Não saberia por onde começar: Na cirúrgica cena do Air-Otica, corpos em movimentos precisos; vemos um resultado final de um trabalho, mas no filme é um projeto de um espetáculo.




Na paisagem cultural que o filme abraça, as homenagens e as recriações (usos clássicos e novos são reformulados) tomam forma na brincadeira métrica de Everything Old Is New Again.



Bye bye life faz parte do balanço final, dos últimos 30 minutos de estado febril, as imagens se intercalam na alucinação de Gideon e na aspereza da realidade do ambiente hospitalar. Tudo se inicia com o personagem O'Connor Flood, interpretado por Ben Vereen, anunciando o próximo número, a despedida de Gideon. No início, as bailarinas-veias pulsam lindamente junto com o braço do homenageado no centro do palco. Os músicos sobem como um show de rock-disco característico dos anos 70. O espetáculo está montado. A beleza do mundo onde tudo vira estético e adereço: a marca prateada no peito de Gideon aparece no lugar do sinal da cicatriz da cirurgia cardíaca.



Mundo dos brilhos, dos reflexos retorcidos e das maquiagens. A verdade que é necessária a Gideon aparece em seus momentos derradeiros.

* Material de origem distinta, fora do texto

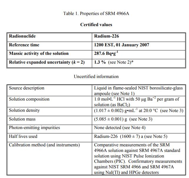 在 2007 年 1 月 1 日美國東部標(biāo)準(zhǔn)時間 1200 的參考時間,經(jīng)認(rèn)證的 Radium-226 質(zhì)量活度值為:(287.6 ± 3.7) Bq?g-1
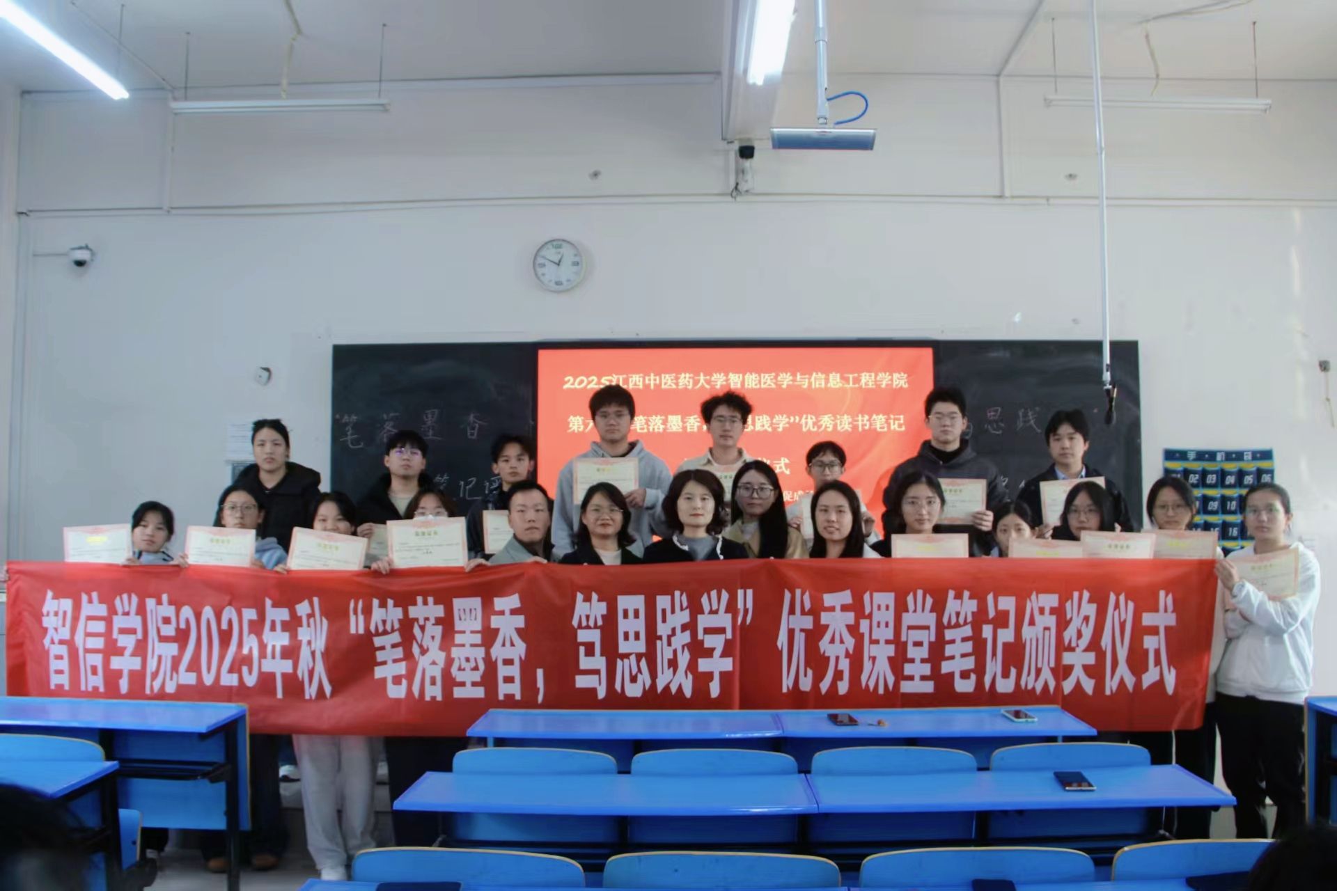 江中新闻网讯(通讯员 严霞 邓蕾)为引导学生夯实课堂学习、提升思维品质,营造“勤学善思、笔墨留香”的育人氛围,江西中医药大学智能医学与信息工程学院于2025年11月7日举办第六届“笔落墨香,笃思践学”优秀课堂笔记评选活动。活动自启动以来,得到全院学生的积极响应,共收到各类课堂笔记百余份,参与覆盖面广,体现出同学们高涨的学习热情与扎实的学风面貌。

Enquanto Flood canta “Bye bye your life, goodbye” e “I think he's gonna die” Gideon ao mesmo tempo “Bye bye my life, goodbye” e “I think I'm gonna die”. Livre, sem mentiras ou dessabores tudo parece apequenado frente aos minutos do espetáculo. Diverso do restante do filme a câmera não se intercala pelo olhar do cinema ou o olhar do espectador em um show, temos a visão da proximidade com os personagens, um espetáculo individual com poucos respiros de planos abertos, no qual o palco apareceria em sua integridade.





A música originalmente foi composta pelo casal Felice e Boudleaux Bryant e sua popularidade veio com The Everly Brothers, em 1957. Ela é mais jovial e muito menos dramática da versão erguida pelo filme de Bob Fosse.



Poucos foram os musicais depois de All that Jazz a conseguir tanto êxito e sinceridade. É de referências e visualmente carregado, mas nada sobra, não há exageros: O Show Deve Continuar!